The folks at Mercedes have been feeling nostalgic lately, pulling some of its best-remembered models out of its archives and dusting them off for our recollection. Just the other day, it took us on a spirited drive down memory lane in one of its finest performance sedans, and before that it reminded us of a long-lost nameplate. Now it's putting one of its most iconic roadsters back in the fore.

The R129 was one of just seven long-running iterations of the SL that the Silver Star automaker has made over the course of the past 65 years.
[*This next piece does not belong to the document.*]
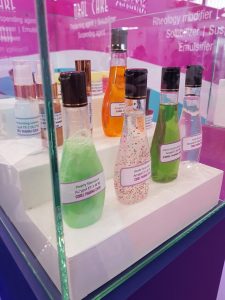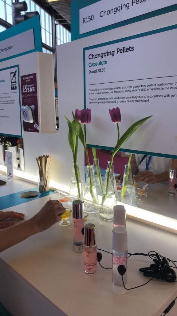 Vallitsevana teemana oli ympäristö ja ihmisen mikrobiologiaan perustuva kosmetiikka. Raaka-aineita oli aivan järjetön määrä. Olen erittäin iloinen ja innoissani kaikista uusista innovaatioista, joita raaka-ainepuolella on tulossa. Kuvissa vain muutamia esimerkkejä uutuuksista ja erilaisista teknologioista. Mukavaa miten moni yritys halusi tehdä vaihtoehtotuotteita muoville ja ympäristöä kuormittaville ainesosille. Biohajoava glitteri ja ympäristöystävällinen silika jäivät parhaiten minun mieleeni. Ehkä siksikin, että standit olivat vaikuttavia.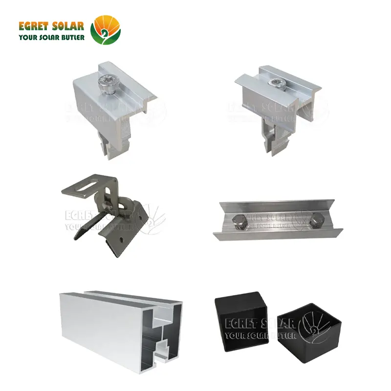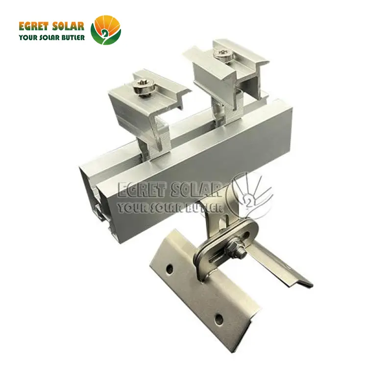 Egret justerbar solcelle -trapesoid metall takmonteringsstruktur gir en pålitelig løsning for solcelleanlegg på disse spesifikke trapesformet taket. Det er justerbarhet og design tilbyr installatører fleksibilitet og effektivitet.

Coming of age as we did in the Nineties, though, it's the one that we, at least, remember best. It debuted 30 years ago at the 1989 Geneva Motor Show, eschewing the more classic styling of its three predecessors and adopting an altogether more modern, straight-lined form.

Underneath its boxy bodywork, the R129-generation SL was something of a technological showpiece of its time. It featured an automatically deploying roll hoop, three-point belts integrated into the seats, adaptive dampers, and a slippery form with a drag coefficient of just 0.32 (with the standard hardtop installed).

It also offered a wide array of engine options, including six-, eight-, and even twelve-cylinder motors ranging in output from 190 horsepower in the base 300 SL all the way up to 525 hp in the top-of-the-line SL73 AMG.

Daimler kept the R129 in production for twelve years, over the course of which it made over 200,000 of them – of which more than a third were dispatched to North America. Now 30 years since its debut, 18 since its replacement, and a couple of generations later, it's becoming something of a young classic for those who, like ourselves, remember it as the definitive roadster of its time.